Amazingly, the most poignant scripture written about the events of that Friday were written hundreds of years before they occurred. The prophet Isaiah captured the event perfectly when he wrote:
He was despised and forsaken of men, a man of sorrows and acquainted with grief; and like one from whom men hide their face He was despised, and we did not esteem Him. Surely our griefs He Himself bore, and our sorrows He carried; yet we ourselves esteemed Him stricken, smitten of God, and afflicted.
But He was pierced through for our transgressions. He was crushed for our iniquities. The chastening for our well-being fell upon Him, and by His scourging we are healed.
All of us like sheep have gone astray, each of us has turned to his own way. But the Lord has caused the iniquity of us all to fall on Him.
He was oppressed and He was afflicted, yet He did not open His mouth. Like a lamb that is led to slaughter, and like a sheep that is silent before its shearers, so He did not open His mouth.
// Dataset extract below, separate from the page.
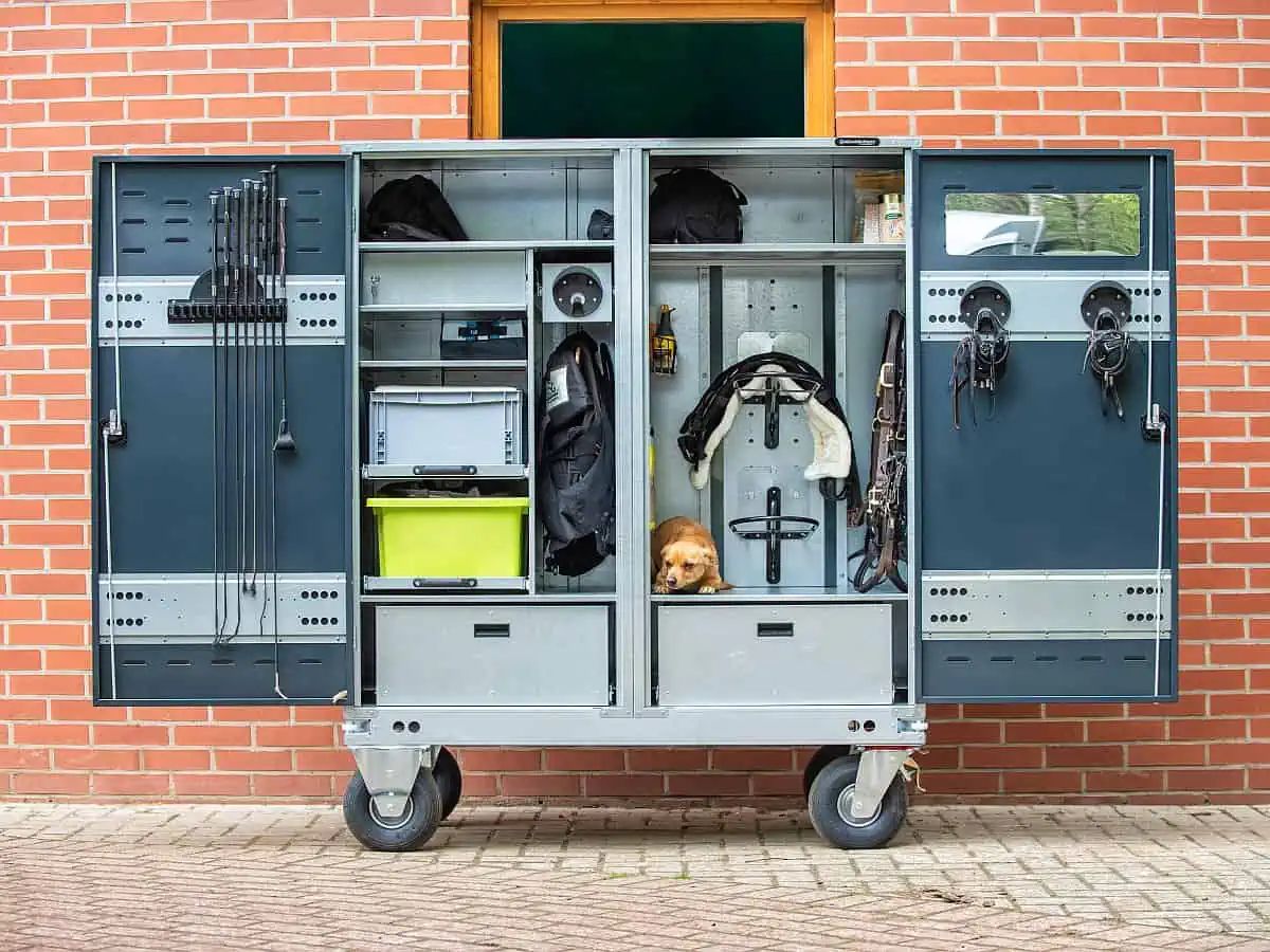 Der Growi Profi-Turnierschrank Pferd, verzinkt und pulverbeschichtet ist Ihr perfekter Partner für die Turniersaison. Seine umfangreiche Ausstattung und erstklassige Verarbeitung setzen Maßstäbe in Qualität und Design. Mit dieser mobilen und praktischen Aufbewahrungslösung haben Sie Ihr Turnierzubehör immer griffbereit. Vergessen Sie das langwierige Suchen nach Sattel, Trensen und Kleidungsstücken, denn mit diesem gut organisierten Schranksystem starten Sie entspannt und strukturiert in Ihr Turnier.

He poured out Himself to death and was numbered with the transgressors; Yet He Himself bore the sin of many, and interceded for the transgressors.
I want you to note that Jesus died for sinners. He didn’t just die for the church-goers and the do-gooders. He also died for the Idi Amins, the Adolf Hitlers, the Jeffery Dahmers and the Gary Ridgways of this world. Scripture tells us that God caused the sins of us all to fall upon Him. No exceptions. Catch the implication of that statement. Every sin that has ever been – or will ever be – committed was placed on the form of Jesus as he hung there on that Roman cross. If you think for a moment that God can’t forgive you because you are too bad – you’re wrong. If you think that God couldn’t possibly care whether or not you are saved – you are wrong. He has already placed your most vile deeds on Jesus – and Jesus has already paid your debt.
You see, it wasn’t the Priests or Romans that declared Jesus guilty. They had no power to condemn Him. But He was condemned by God – condemned to die, because of the crushing weight of our sins that he took upon Himself.
No wonder Paul could declare, “Therefore there is now no condemnation for those who are in Christ Jesus.”